To find the domain of the function \( f(x) = \frac{x^2 + 1}{\ln(x^2 + 1)} \), we need to ensure that the denominator does not equal zero and that the argument of the logarithm is positive. ### Step-by-Step Solution: 1. **Identify the function**: We have \( f(x) = \frac{x^2 + 1}{\ln(x^2 + 1)} \). 2. **Check the denominator**: The denominator is \( \ln(x^2 + 1) \).
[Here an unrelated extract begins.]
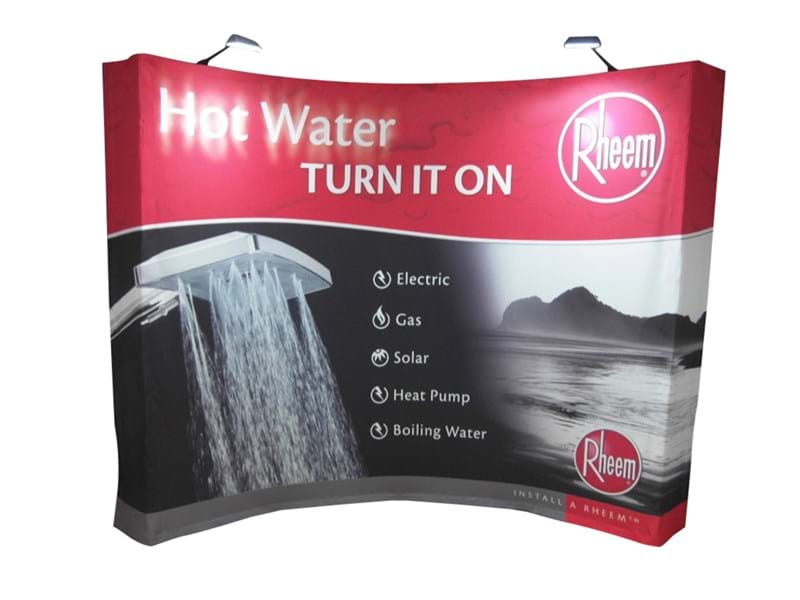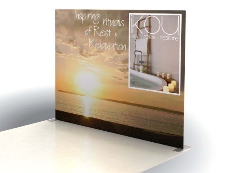 (Pricing includes: Full colour dye sublimation printed, 320GSM single sided fabric skin - straight frame with flat printed end caps. Supplied with aluminium pop-up spider frame, carry bag and 5 year hardware warranty).

For the function to be defined, this must not equal zero: \[ \ln(x^2 + 1) \neq 0 \] 3. **Set the logarithm equal to zero**: The logarithm equals zero when its argument equals 1: \[ x^2 + 1 = 1 \] Solving this gives: \[ x^2 = 0 \quad \Rightarrow \quad x = 0 \] Thus, \( x \) cannot be 0. 4. **Check the argument of the logarithm**: The argument of the logarithm must be positive: \[ x^2 + 1 > 0 \] Since \( x^2 \) is always non-negative (it is zero or positive), adding 1 ensures that: \[ x^2 + 1 \geq 1 > 0 \] This condition is satisfied for all real numbers \( x \). 5. **Combine the conditions**: The only restriction we have is that \( x \) cannot be 0. Therefore, the domain of \( f(x) \) is all real numbers except 0. ### Conclusion: The domain of the function \( f(x) = \frac{x^2 + 1}{\ln(x^2 + 1)} \) is: \[ \text{Domain} = \mathbb{R} \setminus \{0\} \]